If we would look at the actual carnage that persists and seems to be increasing in our nation and if we could adopt a mentality of problem-solving, maybe we could stop reacting to each new tragedy by running to our opposite poles and shouting belligerent nonsense at each other.  Maybe we could take responsibility for trying to make ourselves into a better, safer society.  Maybe we could think and act like grownups.

Meanwhile, let me ask where God was on that Friday of terror and slaughter.  No, God was not punishing us for not imposing Christian cultural dominance upon public school children.  Neither did God need some little angels to perform celestial functions.  What happened in that school makes sense only to insanity, and unless we want to make our faith insane and ungodly, we must not try to make sense of it, to rationalize or justify it.  It was a cruciform event, meaning a horror that tears at the heart of God and should tear at our hearts as well.  For me as a Christian minister, the slaughter of the children is something in which I believe God sees and I must see also the crucifixion of Jesus, whom I believe to be God’s Son.  He suffered torture, humiliation, and execution at the hands of an empire made great by the gods, guts, and swords.

I believe that God has a long memory and that events in our past can be very present to God, which is what we Christians affirm when we share the Lord’s Supper.  On biblical and theological grounds, I believe God cannot separate that terrible Friday long ago when Jesus was crucified on the Hill of the Skull outside Jerusalem from Friday, December 14, 2012 in Newtown, Connecticut.  Or from the day three little girls were killed in their church by a bomb, killed because they were black just as Jesus was executed because he was Jewish.  Or from the slaughter in Congo or Darfur or anywhere else on earth.  We have done it again.  From a Christian perspective, by doing it to the children and the adults in the school (God’s children all), we have done it again to him.

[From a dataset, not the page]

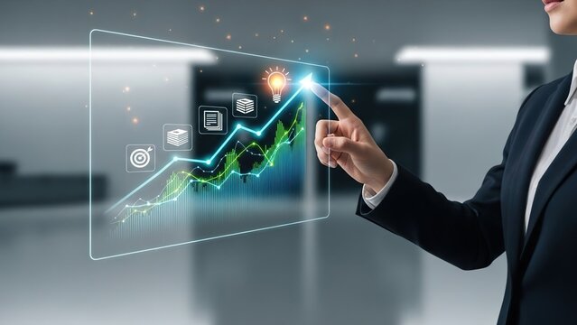 Business professional interacting with futuristic digital graph and icons displaying upward trend and business insights in a modern office environment with sleek technology.
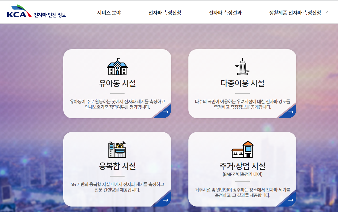 주거미 사무공간에서 생기는 전자파 세기를 국민 누구나 싣고 간편하게 책정 확인할 수 있도록 하는 서비스인데요 측정 결과는 전자파 관제 시스템을 통해 실시간 모니터링하고 측정 결과가 전자파 인체보호 기준을 초과하는 경우 정밀 측정 서비스를 제공합니다 신청은 전자파 안전정보 검색하셔서 홈페이지에 들어가시면 우측에 생활환경 전자파 측정 서비스 창이 있는데요 주거상업시설의 간이 측정기 대여 메뉴에서 신청하실 수 있습니다.

But we didn’t do it!  A mentally disturbed young man did it.  An exception to the rule, an outlier from the norm.  Perhaps we should call him a monster so we don’t have to identify ourselves with him.  Not one of us.  He didn’t even own the guns but took them from his mother whom he also murdered.  So it wasn’t a question of society’s putting guns directly into the hands of a mentally ill person.  We didn’t do it!

We aren’t going to take steps together to stop it from being copied and done again, either, are we?  We’re just going to retreat to our separate corners and shout ideological stuff at each other while the carnage is repeated in some other town and another and another and another.

Christians?  “As you have NOT done it for one of the least influential of these, my sister, my brother, you have NOT done it for me.”  Americans.  There is big money in weapons made for mass carnage, weapons designed for no other purpose.  There is also a sickness of mind, heart, and soul that equates having such weapons with being strong and manly.  “They’ll get my gun when they pry it from my cold, dead fingers.”  And a voice answers, “Where your treasure is, there your heart will be also.”

Can we do it?  Can we have a grownup conversation about gun violence?  Without demonizing gun owners or idolizing guns?  Without demanding all or nothing for our side?  Or will we wait for the next slaughter to blame each other again, thereby making sure nothing constructive happens? Or will we just pass the blame to God and our public schools?